Exercise description
Using the data below, output a verbatim copy of the lines between the one holding "Christmas stuff Christmas" and the one holding "CM83A Функция: ручной", inclusive, without any pictures.

Materials provided
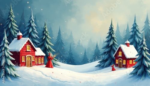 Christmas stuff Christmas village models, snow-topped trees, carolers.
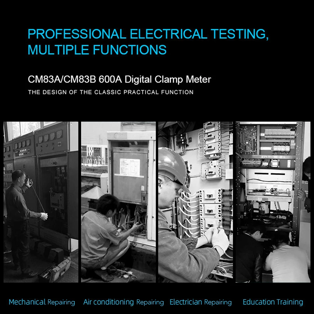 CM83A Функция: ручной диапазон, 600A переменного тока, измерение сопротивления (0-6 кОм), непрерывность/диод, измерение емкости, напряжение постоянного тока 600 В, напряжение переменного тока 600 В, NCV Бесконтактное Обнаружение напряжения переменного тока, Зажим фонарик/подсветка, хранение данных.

==

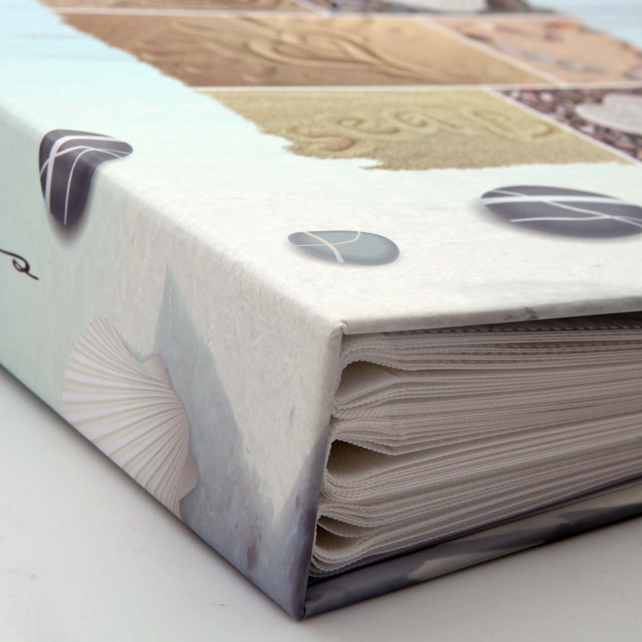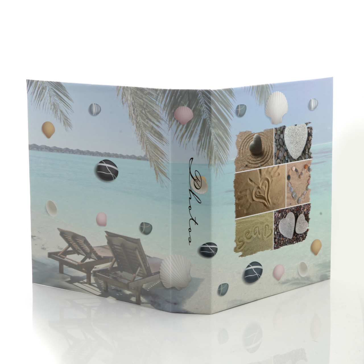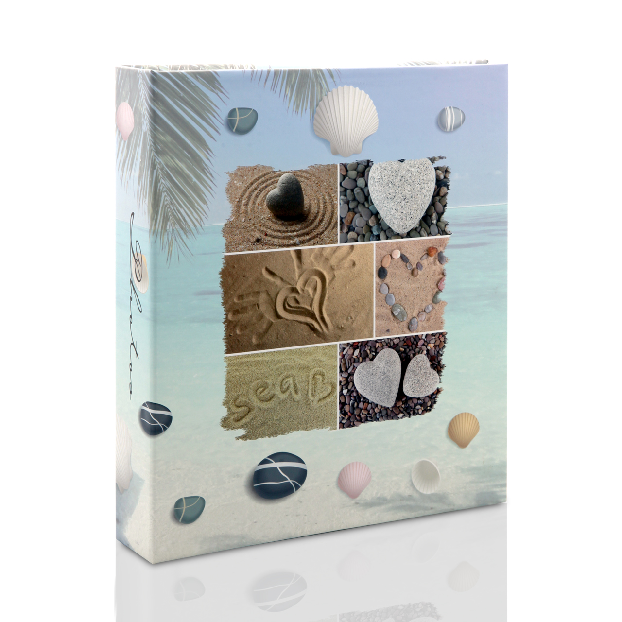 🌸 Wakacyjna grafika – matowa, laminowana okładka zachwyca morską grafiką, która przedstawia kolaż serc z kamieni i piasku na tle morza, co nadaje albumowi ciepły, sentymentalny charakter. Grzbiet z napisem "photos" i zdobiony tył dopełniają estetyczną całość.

Output of the exercise
 Christmas stuff Christmas village models, snow-topped trees, carolers.
 CM83A Функция: ручной диапазон, 600A переменного тока, измерение сопротивления (0-6 кОм), непрерывность/диод, измерение емкости, напряжение постоянного тока 600 В, напряжение переменного тока 600 В, NCV Бесконтактное Обнаружение напряжения переменного тока, Зажим фонарик/подсветка, хранение данных.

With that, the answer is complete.